The College Paradox

College

My son is a junior in high school and starting to look at colleges. He’s a smart, thoughtful kid who doesn’t seem to be stressing too much about where he goes off to school. At the same time, since my DW and I have been good savers in the 529 plan we set up for him when he was little, we’re not too stressed about the magnitude of the expense either. He’s flexible and so are we.

That allows us to look at quite a few different colleges & universities. In doing so, I am quite struck by the very broad range of tuition costs that we are seeing and wondering how good is “good enough” when investing in what school he will go to? The dilemma I have is what I call the “College Paradox”.

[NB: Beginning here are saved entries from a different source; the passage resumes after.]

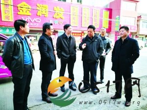 诸记录(左三)在市、县有关部门负责同志陪同下调研基层供销社建设情况,图为盱眙县桂五镇供销社调研现场。
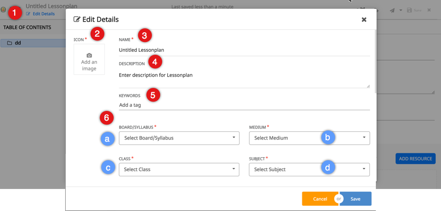 2. Click the camera icon to add an image Note: For details, refer Adding Image to Metadata 3. Enter Name 4. Enter Description for the lesson plan 5. Enter Keywords 6. Select the values from the following drop-down lists: a) Board/Syllabus b) Medium c) Class d) Subject | ![]() |
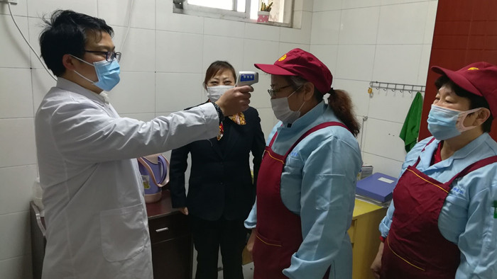 高度负责,抓实抓细,开展校园企业复工人员体温症状等监测工作。因校园物业企业及餐饮部分员工到校逐步开展复工复产工作,医务室工作人员按照合肥市疫情防控办规定每天定时对返校复工复出服务人员进行三次体温监测,问询每日身体健康情况和来源地,时刻关注他们的身体健康状况,指导他们做好个人防护工作,做好隔离和消毒措施,确保自身及校园安全。
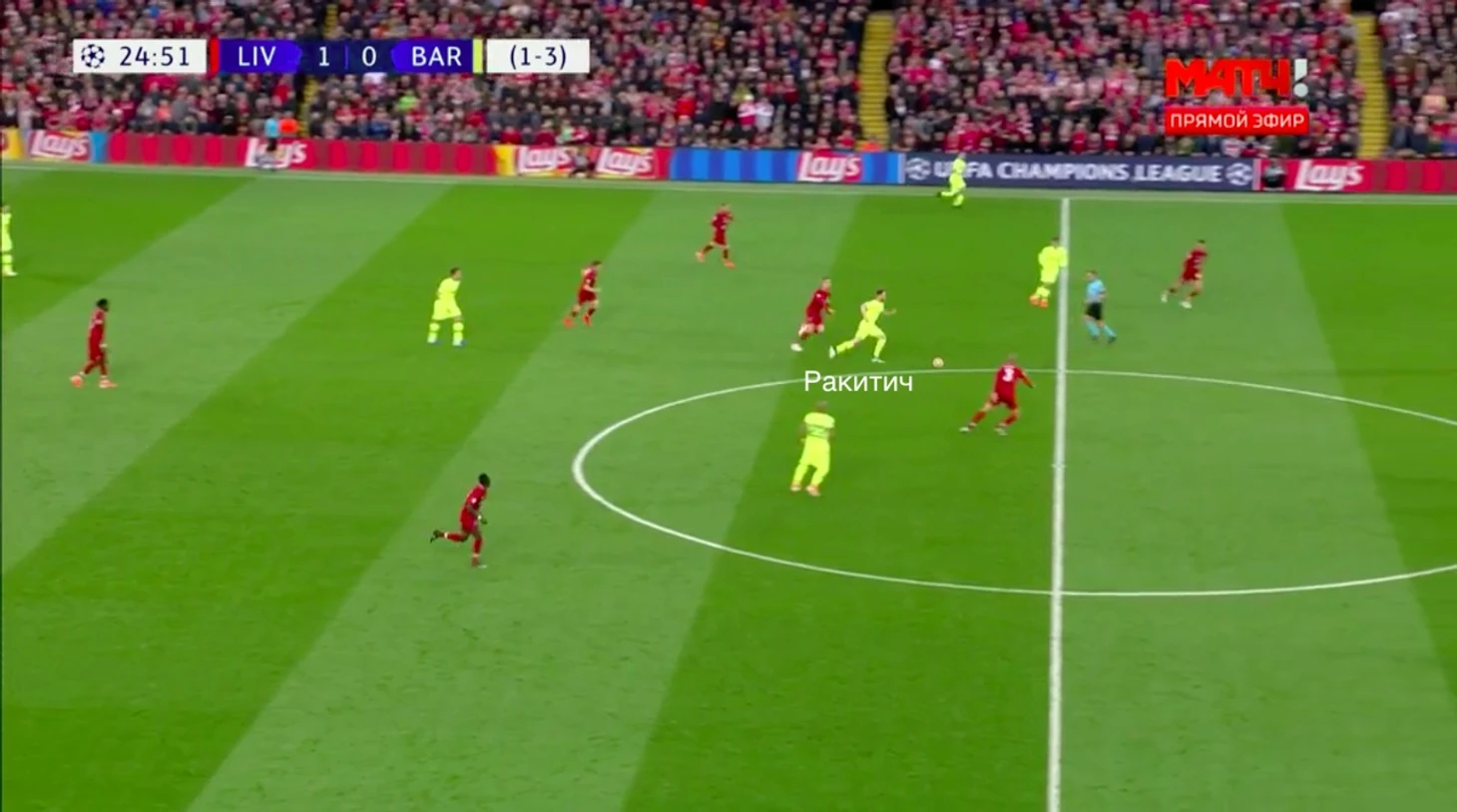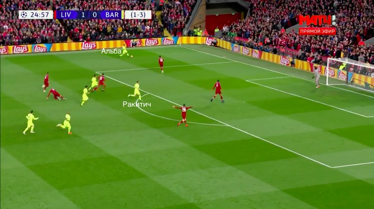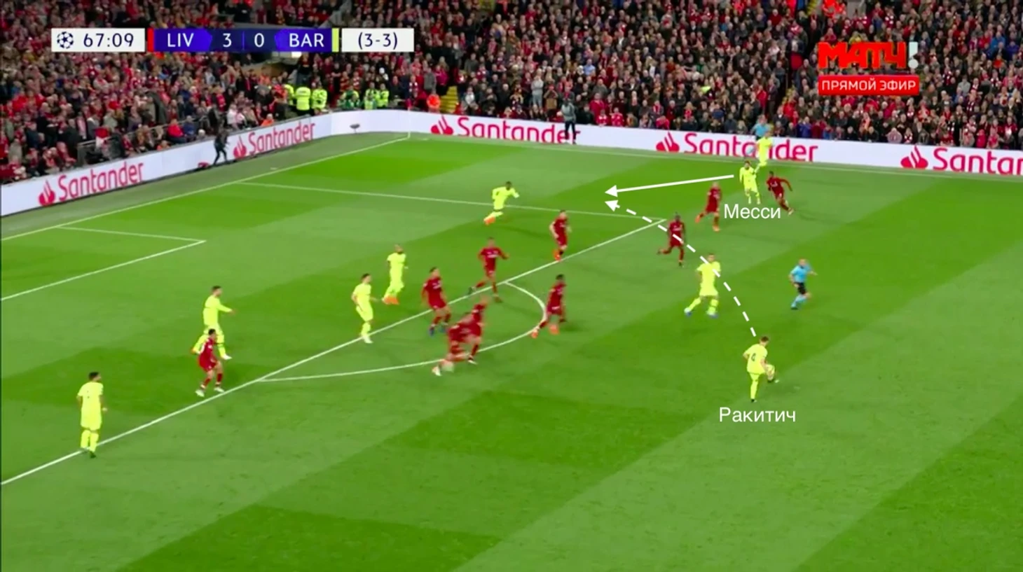 Ракитич сделал заброс на Месси и поймал «Ливерпуль» на искусственном офсайде. Лео выбежит на ближнюю штангу и не реализует шанс.
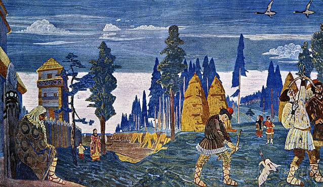Ti offriamo una riproduzione artigianale su tela dell'opera famosa 'Pomeranians. Mattina.' di Nicholas Roerich, dal Museo delle Riproduzioni.
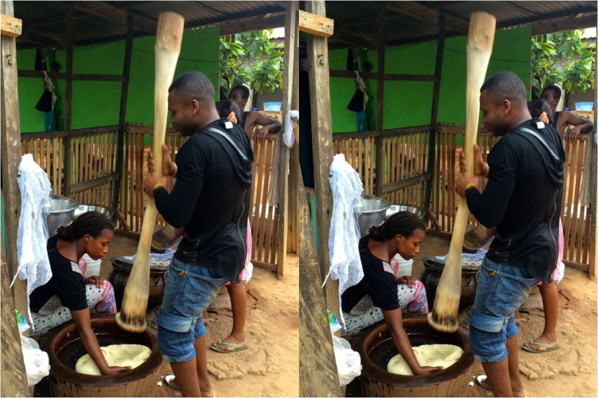 Is he broke? Photo of Kumawood actor pounding fufu in chop alarms Ghanaians

One side of the paradox is that I believe that a smart, hardworking kid is going to learn as much at a more affordable state college as they are likely to at a more expensive, fancy private school. I went to among most humble of small state colleges and learned enough to be quite successful in life. While I also went to a private liberal arts college for my graduate degree, I have definitely exceeded almost every one of my “fancy college” friends & colleagues in terms of career success & financial fortune. “Smart kids do well where ever they go to college” I sometimes say.

At the same time, I believe that who you know can be more highly correlated with success than what you know. That is to say, “the best reason to go to Harvard is to meet a lot of others that have Harvard educations” (and connections). I believe that being in that social structure (and having the attendant expectations) can be a big difference maker. I see broadly in life that people tend to live up (or down) to expectations formed by their reference group. I was fortunate to work in a group of Ivy Leaguers in my early career and that cohort certainly shaped my expectations of myself. Context matters.

So what to do with my own son? Our current thinking leans toward a smaller, Midwestern, private college – but not one with a national reputation or big “brand name”. A respected state school in the Big 10 with the right focus on his field of study would also be fine, although I think he prefers something smaller.

To use an analogy, if Harvard is like Bloomingdales (small & exclusive), we’re thinking that Macy’s would be fine for us. Good quality stuff, but still accessible. At the same time, I’m not looking to save upfront with a college on par with a discount store like Walmart or Target. Not that we don’t shop there – just that we want to set the context for our son and his future.

How are you thinking about college for your kids? How does it relate back to your own choice for college when you were their age? Is there a difference in the kind of college you pick for a Bachelor’s degree versus a graduate degree?

Image: Pixabay.com

3 thoughts on “The College Paradox

  1. Pingback: Retire Before Children Head Off To College? « MrFireStation.com

  2. Pingback: FIRE Station Fun – Learning Independence | Mr.FireStation

  3. this is so true – however, there are so may opportunities to network these days, if you REALLY want to, you can make up for second gap while saving some moneys on a pretty similar education somewhere else for 1/3 or half the cost. OR you can find a college abroad and have them with that unique experience on their resume as global experience becomes even more important…

    In the end – a smart kid will figure it out no matter what. Since there are pros and cons to everything, given them a couple of decent options and then they can work on whatever ‘deficit’ came out from whatever they picked.